### [Collected material]

——————————

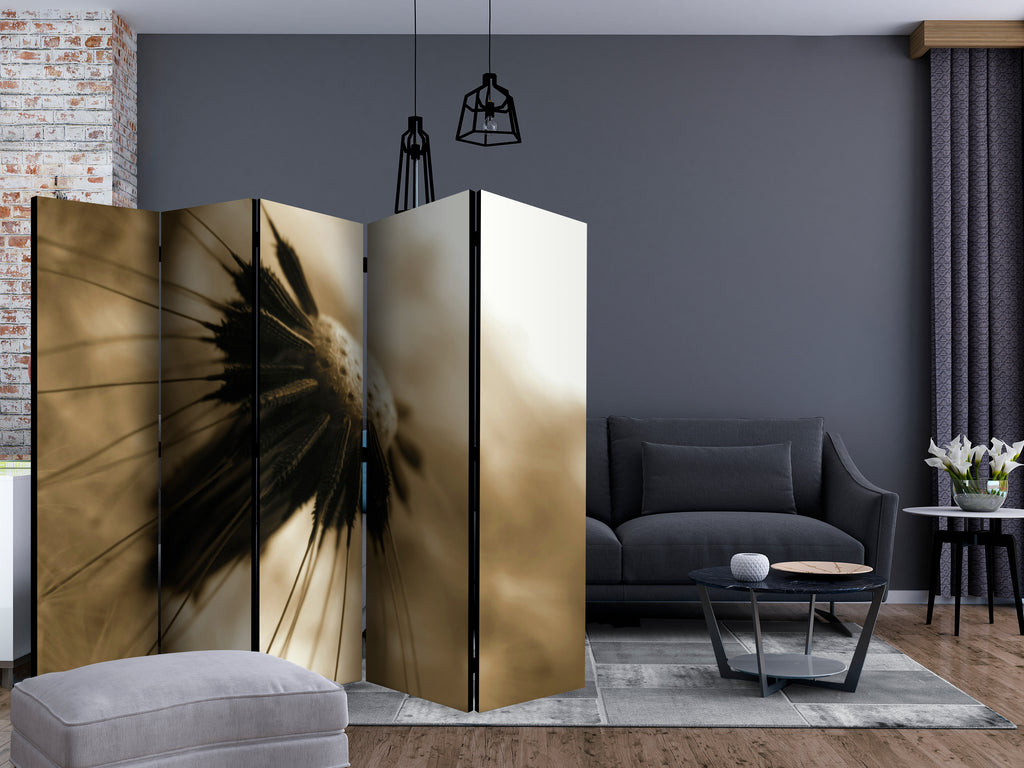 Het decoratieve vouwscherm "Vouwscherm - dandelion - sepia II [Room Dividers]" past uitzonderlijk mooi in een modern interieur. Het houten tweezijdig bedrukte vouwscherm geeft niet alleen een mooie opdeling van een ruimte maar geeft ook een fantastische flair aan uw interieur. De perfectie uitvoering en het originele motief in full HD uitvoering zorgen ervoor dat de kamervouwschermen iedere ruimte een originele charme verschaffen. Een prachtig kamervouwscherm is een zeer originele versiering en kan bijvoorbeeld prima worden toegepast in woningen of dienstruimten. (kapsalon, dokterskliniek, administratiekantoor etc)
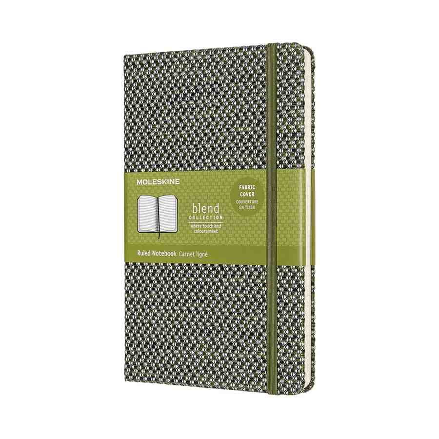 Zápisník má  pevnou, ve hřbetu šitou vazbu potaženou látkou. Obepíná ho pružná páska proti samovolnému otevírání. Obsahuje praktickou vnitřní kapsu, textilní záložku a leták s historií Moleskine. Papír s gramáží 70 g/m2 neobsahuje kyseliny. przeczytaj całość
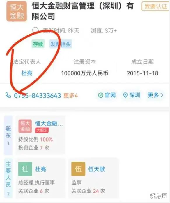 而从网上资料可以查到,杜亮正是恒大金融财富管理公司的法定代表人。

——————————

### [Your instructions]
Write out all the material verbatim, images excluded.

### [Solution to this exercise]
 Het decoratieve vouwscherm "Vouwscherm - dandelion - sepia II [Room Dividers]" past uitzonderlijk mooi in een modern interieur. Het houten tweezijdig bedrukte vouwscherm geeft niet alleen een mooie opdeling van een ruimte maar geeft ook een fantastische flair aan uw interieur. De perfectie uitvoering en het originele motief in full HD uitvoering zorgen ervoor dat de kamervouwschermen iedere ruimte een originele charme verschaffen. Een prachtig kamervouwscherm is een zeer originele versiering en kan bijvoorbeeld prima worden toegepast in woningen of dienstruimten. (kapsalon, dokterskliniek, administratiekantoor etc)
 Zápisník má  pevnou, ve hřbetu šitou vazbu potaženou látkou. Obepíná ho pružná páska proti samovolnému otevírání. Obsahuje praktickou vnitřní kapsu, textilní záložku a leták s historií Moleskine. Papír s gramáží 70 g/m2 neobsahuje kyseliny. przeczytaj całość
 而从网上资料可以查到,杜亮正是恒大金融财富管理公司的法定代表人。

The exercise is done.